The clouds curled upon themselves, and it began to rain.

The straw broke, and she screamed as she fought off the truth with her conviction. The druid stepped back with horror as the card in her hand began to glow brightly. With rainwater streaming down her face, she threw it.

The card fell towards the sand, its glow fading slowly.

A pure white shaft sang through the air found its mark.

As she fell into the deeper shallows of the lake, she saw the young archer from earlier stand on the prow of the fisherman's boat, the bow empty and the faint humming ringing in the ears, signs of an arrow that had just been shot.

The girl archer turned pale, her chest heaving. She fell backwards onto the deck, shuddering as she pulled a black cloak around her shoulders.

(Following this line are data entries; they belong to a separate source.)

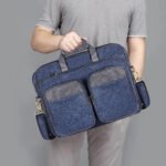 Premium Linen Fabric Blue & Grey Color Messenger-Laptop Bag – Stylish and Functional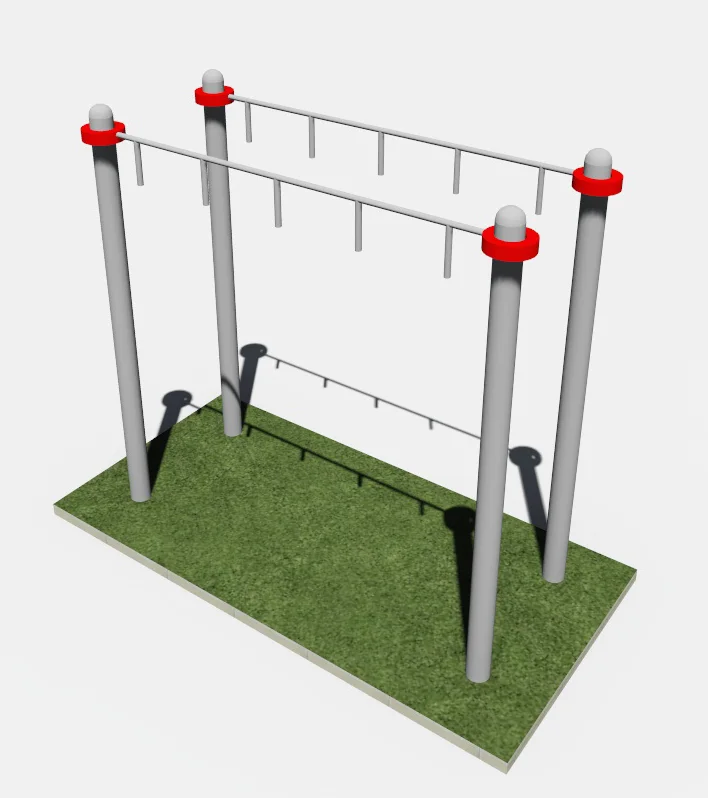 Состоит из 4-х вертикальных параллельно расположенных столбов (высота 2000 мм) и двух перекладин «МОЛОТ» (длина 1790 мм).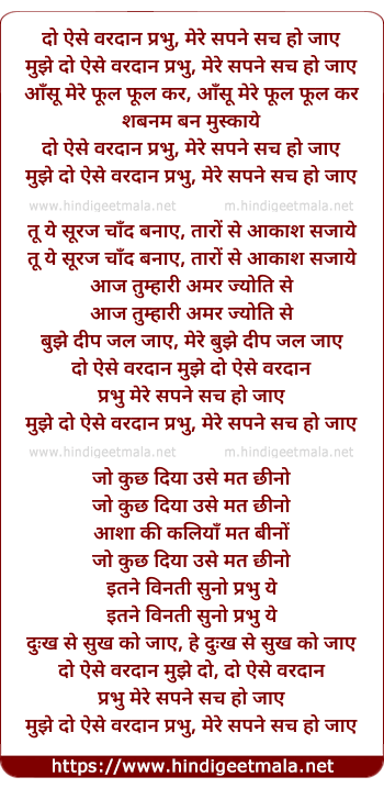 Lyrics of Do Aise Vardan Prabhu - दो ऐसे वरदान प्रभु, मेरे सपने सच हो जाए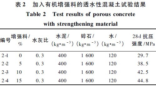 試驗(yàn)表明,隨著增強(qiáng)料摻量的增加,透水性混凝土強(qiáng)度也增加。但考慮增強(qiáng)料的成本影響,應(yīng)根據(jù)設(shè)計(jì)強(qiáng)度要求確定摻量。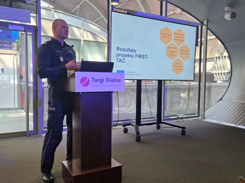 Podinsp. Michał Jaśkowski podsumował uzyskane rezultaty projektu pt. „Opracowanie wspólnego programu nauczania dla służb ratowniczych w zakresie użycia siły i procedur taktycznych pierwszej pomocy FIRST-TAC” w ramach programu Erasmus+, który realizowany był przez policyjne jednostki szkoleniowe z Chorwacji, Bośni i Hercegowiny, Litwy oraz słupskiej Szkoły Policji. Sam projekt dotyczył taktyki policyjnej, użycia siły fizycznej podczas interwencji oraz udzielania pierwszej pomocy włącznie z podstawowymi elementami pierwszej pomocy w warunkach bojowych.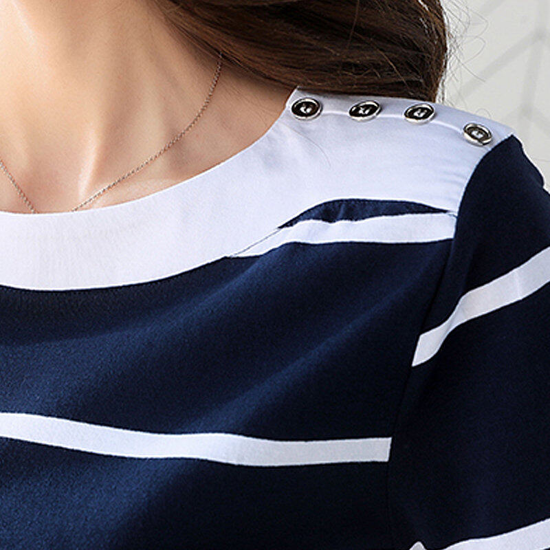 • INWPLLR Fashion T-shirt Women Tops Summer White And Blue Striped T-Shirts New Korean Short Sleeve O-neck Ladies Tshirt Large Size
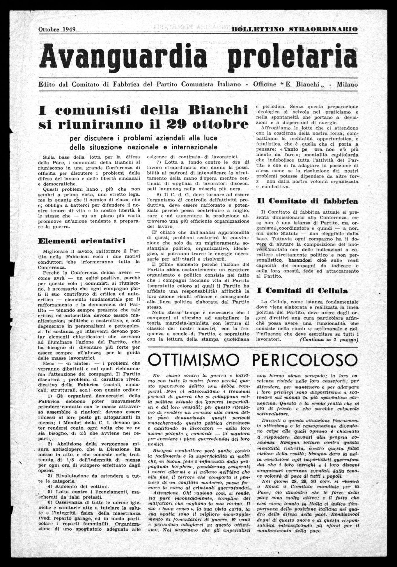 Dobbiamo farci una critica per lo scarso lavoro svolto in direzione degli impiegati, la situazione economica dei quali merita l'attenzione dei Comunisti della Bianchi.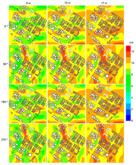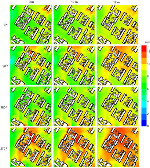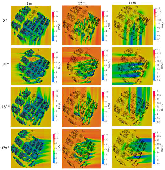 Mean wind speed estimates obtained by the WindSim model for three heights (9 m, 12 m, and 17 m) and four wind sectors rose (0°, 90°, 180°, and 270°).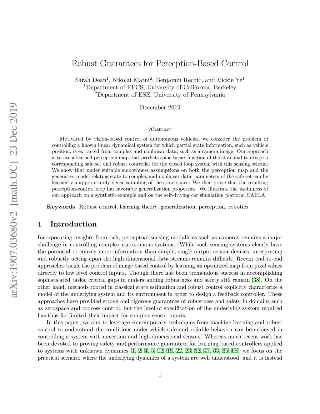 Motivated by vision-based control of autonomous vehicles, we consider the problem of controlling a known linear dynamical system for which partial state information, such as vehicle position, is extracted from complex and nonlinear data, such as a camera image. Our approach is to use a learned perception map that predicts some linear function of the state and to design a corresponding safe set and robust controller for the closed loop system with this sensing scheme. We show that under suitable smoothness assumptions on both the perception map and the generative model relating state to complex and nonlinear data, parameters of the safe set can be learned via appropriately dense sampling of the state space. We then prove that the resulting perception-control loop has favorable generalization properties. We illustrate the usefulness of our approach on a synthetic example and on the self-driving car simulation platform CARLA.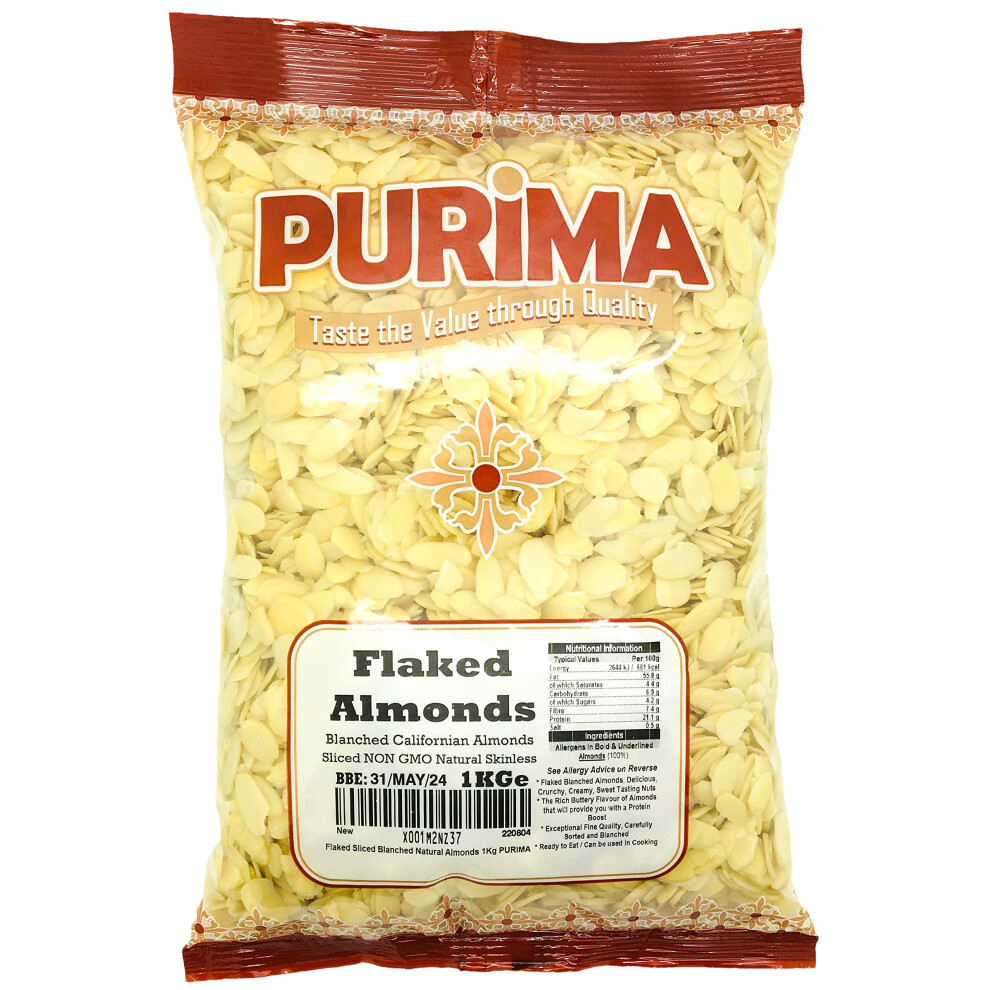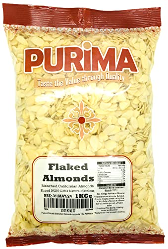 Flaked Almonds 1kg - 100% Natural Raw Sliced Blanched Almond Flakes 1 kg - Large Bulk Bag Premium Quality Blanch Almond Slices Slice Nut – Ideal for Baking Cakes Cereal Topper - Non GMO Vegan - PURIMA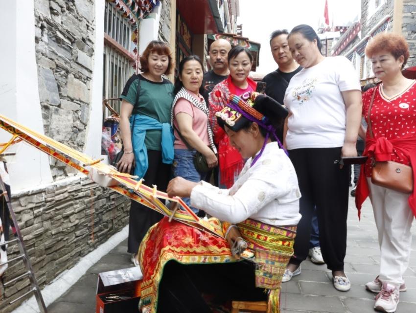 在理縣古爾溝鎮丘地村,54歲的藏族阿媽澤朗斯基端坐家門前,動作嫻熟地操作著傳統腰機,編織一款藏式花腰帶。只見她靈巧的雙手來回推拉木梭,不時變換著經線,不一會兒,五彩的絲線就化為明艷動人的吉祥紋樣,在織布上綻放開來。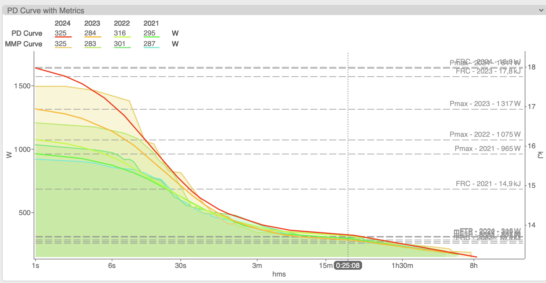 Il est certainement possible que pour booster 2025 et tenter de continuer de progresser sans avoir plus de disponibilité, la zone d’endurance haut  et de tempo bas soit encore un peu plus travaillée avant d’aller chercher plus haut en intensité. Cela permettra d’avoir un effet sur la charge globale lors de la préparation hivernal tout en essayant de ne pas générer trop de fatigue. Une autre piste sera possiblement d’aller chercher quelques gains par la haute intensité par le concept du cumul de temps sur les séries FTP et PMA que nous avons abordé mais pas totalement épuisé ( prudence la première année) .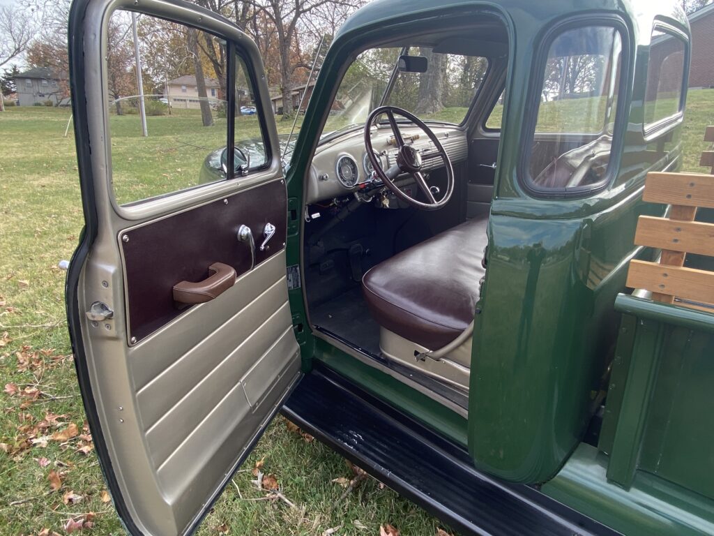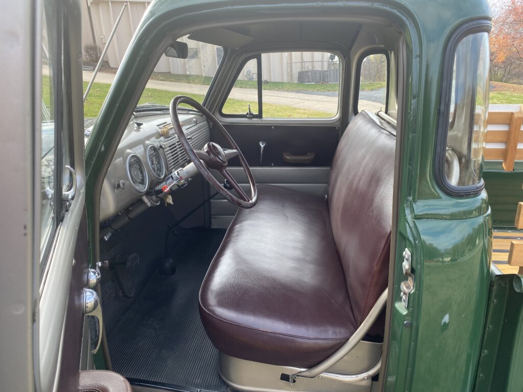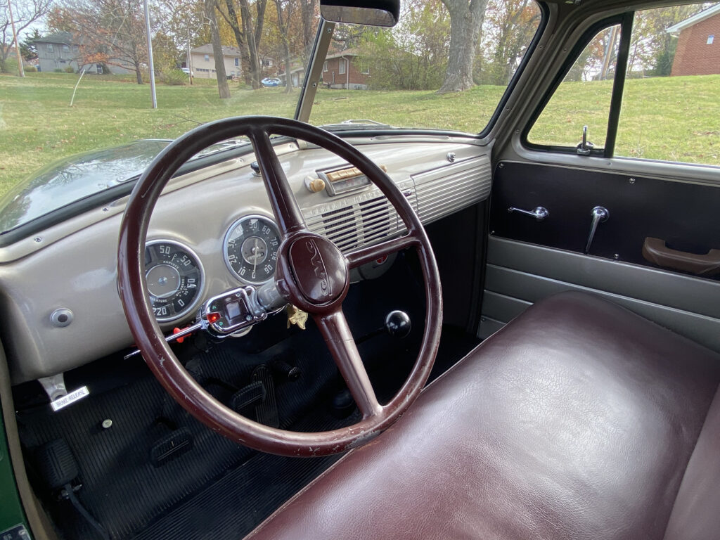 Jack’s pickup has its original 270 cubic inch inline six cylinder engine and the 4 speed transmission that came from the factory 70 years ago. The rear differential ratio is 4.56 as ¾ tons have originally. In today’s world, it is often considered almost too low geared for pleasure driving on the open road and they are now seldom used for heavy hauling (the reason most bought a ¾ ton new).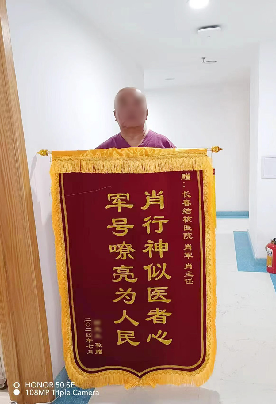 在医护人员的耐心开导和精心护理下,患者逐渐放下了戒备心,开始积极配合治疗。术后,牛先生恢复得非常好,心情也开朗起来,往日的阴霾早已烟消云散。为了表达感激之情,他特意为肖军医生和责任护士姜红各送上一面锦旗,还非常用心地以藏头诗的形式,亲自编写了锦旗上的文字。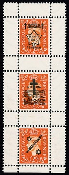 Deutsche Fälschungen für Großbritannien, 3 P. Georg, Aufdrucke "World-Capitalism", sowie "World-Judaism" und "The Bluff Charta" je zweimal, alle zusammen innerhalb eines Fünfer-Zusammendruckblocks. Die Auflage betrug nur je 30 Serien, so dass eine derartige Einheit zu den großen Seltenheiten des Sammelgebietes gehört! Attest Pieles (Mi. lose 3100,- ++)
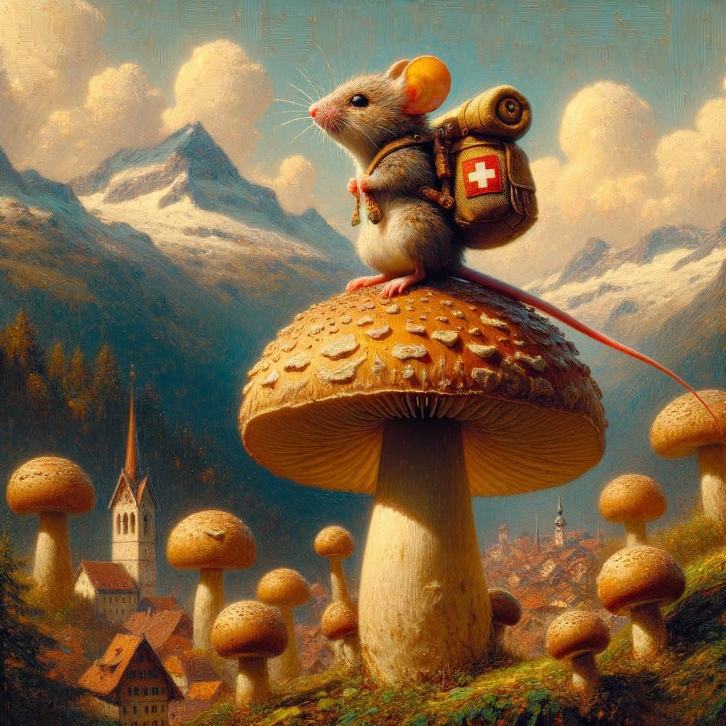 This image shows a tiny, ambiguous mouse adventurer in Swiss attire, perched on a giant mushroom. It gazes over miniature villages in a post-impressionist oil impasto style with heavy brushstrokes.

Large brown eyes stared at the scene on the beach before her, tears beginning to mingle with heaven-sent rain.

"She . . . I had to . . . " the girl stammered.

The first kills are always the hardest, aren't they?

Her own eyes were blurring - was it tears as well? No, she had cried herself dry of them in her own bedroom. Lake water? Yes, lake water.

She was facing heavenward, rain pouring on her face as lake flowed around and beneath her. The arrow in her chest stood straight like a holy beacon, siphoning something warm out of her chest. She put a weak hand there to see if she were not being deceived as her druid.

It really was warm. Did she always have this warmth curled asleep within the ice inside her breast? It was leaking away now; she had never gotten to enjoy it. Can't she stop it? No, it's another one of those things. No mortal will could stop it. Not even hers.

Cries of her name and the thunder overhead were her rites of death. The winds always blew in her favour, but wind cannot carry deep underwater. It was quiet there, and her pain was left floating on the surface. She abandoned her heart here, might she find it now, within the lake itself?

Probably, yes . . .

Like a fallen blossom in a breeze, she was carried away to her peace by the waters of Lake Balaton.